Suppose \((\mathsf {Gen}, \mathsf {Enc}, \mathsf {Dec}, \mathsf {Comp})\) is a strongly correct ORE scheme. Then for any pair \((\mathsf {sk}_1, \mathsf {pars}), (\mathsf {sk}_2, \mathsf {pars}) \in {\text {Range}}(\mathsf {Gen})\), we have that \(\mathsf {Dec}_{\mathsf {sk}_1}(c)= \mathsf {Dec}_{\mathsf {sk}_2}(c)\) for all ciphertexts c.

With the secret key \(\mathsf {sk}\) in hand, we now conduct a binary search for the threshold t. Recall that we have an estimate v for the weight that \(f_{t, r}\) places on positive examples, i.e. \(|v - \Pr _{x \in \mathcal {D}}[f_{t, r}(x) = 1]| \le \alpha /4\). Starting at \(t_1 = N/2\), we issue the query \((\varphi _1, \alpha /4)\) where \(\varphi _1(\mathsf {pars}, c, b) = 1\) iff \(\mathsf {pars}= \mathsf {pars}^r\) and \(\mathsf {Dec}(\mathsf {sk}, c) < t\). Let \(h_{t_1}\) denote the hypothesis

$$h_{t_1}(\mathsf {pars}, c) = {\left\{ \begin{array}{ll} 1 &{} \text {if } (\mathsf {pars}= \mathsf {pars}^r) \wedge (\mathsf {Dec}(\mathsf {sk}, c) \ne \bot ) \wedge (\mathsf {Dec}(\mathsf {sk}, c) < t_1) \\ 0 &{} \text {otherwise.} \end{array}\right. }$$

Thus, the query \((\varphi _1, \alpha /4)\) approximates the weight \(h_{t_1}\) places on positive examples. Let the answer to this query be \(v_1\). If \(|v_1 - v| \le \alpha / 2\), then we can halt and output the good hypothesis \(h_{t_1}\). Otherwise, if \(v_1 < v - \alpha /2\), we set the next threshold to \(t_2 = 3N/4\), and if \(v_1 > v + \alpha /2\), we set the next threshold to \(t_2 = N/4\). We recurse up to \(\log N = \ell = \mathrm {poly}(k)\) times, yielding a good hypothesis for \(f_{t, r}\).

Proof

(Proof of Lemma 2 ). Suppose the lemma is not true. First suppose that there exists a ciphertext c such that \(\mathsf {Dec}(\mathsf {sk}_1, c) = p_1 < p_2 = \mathsf {Dec}(\mathsf {sk}_2, c)\). Let \(c' \in \mathsf {Enc}(\mathsf {sk}_1, p_2)\). Then by strong correctness applied to the parameters \((\mathsf {sk}_1, \mathsf {pars})\), we must have \(\mathsf {Comp}(\mathsf {pars}, c, c') =\)\(<\)”. Now by strong correctness applied to \((\mathsf {sk}_2, \mathsf {pars})\), we must have \(\mathsf {Dec}(\mathsf {sk}_2, c') > p_2\). Thus, \(p_1 < \mathsf {Dec}(\mathsf {sk}_1, c') = p_2 < \mathsf {Dec}(\mathsf {sk}_2, c')\). Repeating this argument, we obtain a contradiction because the message space is finite.

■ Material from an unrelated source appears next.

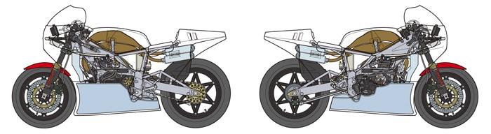 y About the Model z @Length: 166mm, Width: 52mm. The model recreates the early-season version of the bike ridden by F. Spencer. This detailed scale model closely recreates the form of the bike and allows appreciation of the unique chamber and fuel tank layout. The single-crankshaft V4 engine showcases Tamiya's trademark attention to detail. Aluminum frame and complex fuel tank are exquisitely recreated. Vinyl tubing is used to accurately model fuel pipes, accelerator, clutch cables and so on. Cowling, chamber cover and seat parts are attached using fine screws. Authentic rear suspension utilizes a metal coil spring. Comes with a racing stand to display the model. The kit includes decals to depict the bike's markings, in addition to masking seals to aid with painting.
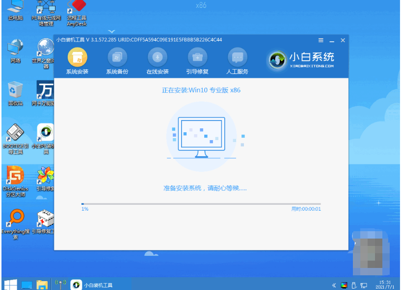 等待软件自动下载系统镜像并部署环境,完成的时候,自动会重启电脑。

Now suppose instead that there is a ciphertext c for which \(\mathsf {Dec}(\mathsf {sk}_1, c) = p \in [N]\), but \(\mathsf {Dec}(\mathsf {sk}_2, c) = \bot \). Let \(c' \in \mathsf {Enc}(\mathsf {sk}_1, p')\) for some \(p' > p\). Then \(\mathsf {Comp}(\mathsf {pars}, c, c') =\)\(<\)” by strong correctness applied to \((\mathsf {pars}, \mathsf {sk}_1)\). But \(\mathsf {Comp}(\mathsf {pars},c, c') = ``\bot "\) by strong correctness applied to \((\mathsf {pars}, \mathsf {sk}_2)\), again yielding a contradiction.

4 ORE with Strong Correctness

We now explain how to obtain ORE with strongly correct comparison, as all prior ORE schemes only satisfy the weaker notion of correctness. The lack of strong correctness is easiest to see with the scheme of Boneh et al. [8]. The protocol is built from current multilinear map constructions, which are noisy. If the noise terms grow too large, the correctness of the multilinear map is not guaranteed. The comparison function in [8] is computed by performing multilinear operations, and for correctly generated ciphertexts, the operations will give the right answer. However, there exist ciphertexts, namely those with very large noise, for which the comparison function gives an incorrect output. The result is that the comparison operation is not guaranteed to be consistent with decrypting the ciphertexts and comparing the plaintexts.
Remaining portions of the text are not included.